Larkins v. Terminal Railroad

122 Ill. App. 246, 1905 Ill. App. LEXIS 494
CourtAppellate Court of Illinois
DecidedSeptember 8, 1905
StatusPublished
Cited by2 cases

This text of 122 Ill. App. 246 (Larkins v. Terminal Railroad) is published on Counsel Stack Legal Research, covering Appellate Court of Illinois primary law. Counsel Stack provides free access to over 12 million legal documents including statutes, case law, regulations, and constitutions.

Bluebook
Larkins v. Terminal Railroad, 122 Ill. App. 246, 1905 Ill. App. LEXIS 494 (Ill. Ct. App. 1905).

Opinion

Mr. Presiding Justice Higbee

delivered the opinion of the court.

On June 28, 1901, appellant Thomas B. Larkins, while in the employ of appellee as foreman of a switching crew, and engaged in the work for which he was employed in appellee’s switching yards in East St. Louis, was knocked down and injured by a moving car. Larkins afterwards commenced suit and obtained judgment against appellee for the injuries which he had sustained. Appellee took an appeal to this court, where the judgment was reversed, with a finding of facts, stating “ that the negligence alleged in the declaration was not the proximate cause of the injury complained of, that the plaintiff was guilty of negligence which contributed to the injury, and that the injury suffered was incident to the business in which the plaintiff was engaged, the risk of which he assumed.” Terminal R. R. Ass’n v. Larkins, 112 Ill. App. 366.

Larkins filed a petition in this court for a re-hearing of the cause, which was denied. Afterwards, on February 26, 1904, he commenced another suit upon the same cause of action. To the declaration, which consisted of two counts, appellee filed a plea of the general issue, and two special pleas, one .setting up the former judgment of this court as a bar to the action, and the other the Statute of Limitations of two years.

Appellant filed a general demurrer to the plea, relying upon the former judgment and a replication to the plea of the Statute -of Limitations. The replication stated that plaintiff had before that time, recovered a judgment on the same cause of action in the trial court, which was reversed in this court and set out the judgment of this court in full, and that this suit was commenced within one year from the time said judgment was so reversed.

To this replication defendant filed a rejoinder, setting up the proceedings in the case in this court, together with the finding of facts, as a bar to appellant’s right to recover. To this rejoinder, appellant demurred. The court overruled both of the demurrers and the plaintiff below excepted and appealed to this court.

The only question presented to us is whether the former judgment of this court, reversing the previous judgment of the court below, with a finding of facts, was or was not a bar to a recovery in this suit, upon the same cause of action. Appellant relies upon section 25 of the Statute of Limitations, which provides that, “ If judgment shall be given for the plaintiff, and the same be reversed by writ of error, or upon appeal; * * * then, if the time limited for bringing such action shall have expired during the pendency of such suit, the said plaintiff, his or her heirs, executors or administrators, as the case shall require, may commence a new action within one year after such judgment reversed or given against the plaintiff, and not after.”

Appellant calls attention to the case of Stubbings v. Durham, 210 Ill. 542, as holding, that a judgment is not an estoppel or bar to matters arising out of the action where it has been revérsed by a court of review.
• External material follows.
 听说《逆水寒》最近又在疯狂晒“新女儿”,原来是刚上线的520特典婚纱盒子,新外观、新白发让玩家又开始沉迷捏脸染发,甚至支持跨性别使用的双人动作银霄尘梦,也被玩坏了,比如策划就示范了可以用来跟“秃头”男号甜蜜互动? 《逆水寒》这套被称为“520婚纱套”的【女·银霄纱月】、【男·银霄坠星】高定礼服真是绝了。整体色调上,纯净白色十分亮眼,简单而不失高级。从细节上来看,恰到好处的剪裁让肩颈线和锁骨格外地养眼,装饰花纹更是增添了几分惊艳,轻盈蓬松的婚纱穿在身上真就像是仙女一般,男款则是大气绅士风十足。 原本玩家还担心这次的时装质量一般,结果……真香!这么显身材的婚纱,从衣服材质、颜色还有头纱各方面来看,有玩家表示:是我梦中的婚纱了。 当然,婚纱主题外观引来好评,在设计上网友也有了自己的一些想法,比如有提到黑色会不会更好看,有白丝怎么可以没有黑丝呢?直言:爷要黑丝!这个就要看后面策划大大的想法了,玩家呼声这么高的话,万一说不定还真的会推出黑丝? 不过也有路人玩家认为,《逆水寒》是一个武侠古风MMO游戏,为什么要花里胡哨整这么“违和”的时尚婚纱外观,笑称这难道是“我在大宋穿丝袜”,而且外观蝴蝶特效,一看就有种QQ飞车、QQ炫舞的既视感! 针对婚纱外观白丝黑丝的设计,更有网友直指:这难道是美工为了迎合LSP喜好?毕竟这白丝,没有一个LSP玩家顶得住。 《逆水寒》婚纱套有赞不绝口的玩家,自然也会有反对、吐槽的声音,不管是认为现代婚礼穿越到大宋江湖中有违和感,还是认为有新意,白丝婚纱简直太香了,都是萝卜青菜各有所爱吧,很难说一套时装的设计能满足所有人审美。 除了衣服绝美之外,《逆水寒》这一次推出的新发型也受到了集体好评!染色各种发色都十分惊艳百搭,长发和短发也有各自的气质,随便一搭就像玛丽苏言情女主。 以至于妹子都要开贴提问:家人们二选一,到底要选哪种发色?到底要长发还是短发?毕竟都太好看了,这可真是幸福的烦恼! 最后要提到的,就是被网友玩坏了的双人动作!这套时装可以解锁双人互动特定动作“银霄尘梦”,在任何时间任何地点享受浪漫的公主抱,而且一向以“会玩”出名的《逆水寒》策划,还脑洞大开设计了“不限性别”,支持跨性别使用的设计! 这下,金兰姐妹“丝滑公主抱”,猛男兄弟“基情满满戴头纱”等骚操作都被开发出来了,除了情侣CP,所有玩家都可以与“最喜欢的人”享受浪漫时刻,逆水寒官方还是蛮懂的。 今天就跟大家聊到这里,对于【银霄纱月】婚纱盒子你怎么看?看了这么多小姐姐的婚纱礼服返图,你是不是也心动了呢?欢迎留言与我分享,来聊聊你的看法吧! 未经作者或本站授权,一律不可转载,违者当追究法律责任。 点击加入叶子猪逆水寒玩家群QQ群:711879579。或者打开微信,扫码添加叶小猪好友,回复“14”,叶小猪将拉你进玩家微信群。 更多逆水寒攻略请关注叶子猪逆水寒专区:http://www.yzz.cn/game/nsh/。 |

The court in its opinion in that case, after referring to a former suit in assumpsit between the same parties in which there had been a judgment against one of them,, an appeal to the Appellate Court and a reversal of the judgment, said: “ Therefore nothing was finally adjudicated by the verdict and judgment which was entered in the Circuit Court of DuPage County in said cause, and there was neither a bar nor an estoppel created thereby.’'” An examination of the case referred to, however (Durham v. Stubbings, 111 Ill. App. 10), reveals the fact that not only was the judgment reversed but the cause was remanded; consequently the case has no application to- the one at bar.
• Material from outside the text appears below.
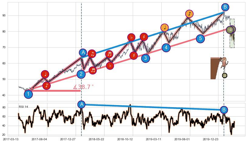 ➣ 2017-04-13-2020-03-11上升趋势存在反转[风险],虽然原上升趋势的支撑位(82.67)已破位,但其支撑效果尚存,原上升趋势角度: 38.7˚

In the case of City of Spring Valley v. Coal Co., 173 Ill. 497, it is said: “Upon the reversal of a judgment without remanding the cause,, there- is no judgment whatever except for the cost of the appeal under the statute. There is no judgment for costs- or damages or any judgment in the trial court but it is simply reversed and each party is left to pay his own costs. * * * A court of review in this State, at the time the constitution was adopted, had never assumed the power to assess damages or render judgments for the recovery ©f property or damages, except upon the verdict of a jury, unless, the right to a jury had been waived.”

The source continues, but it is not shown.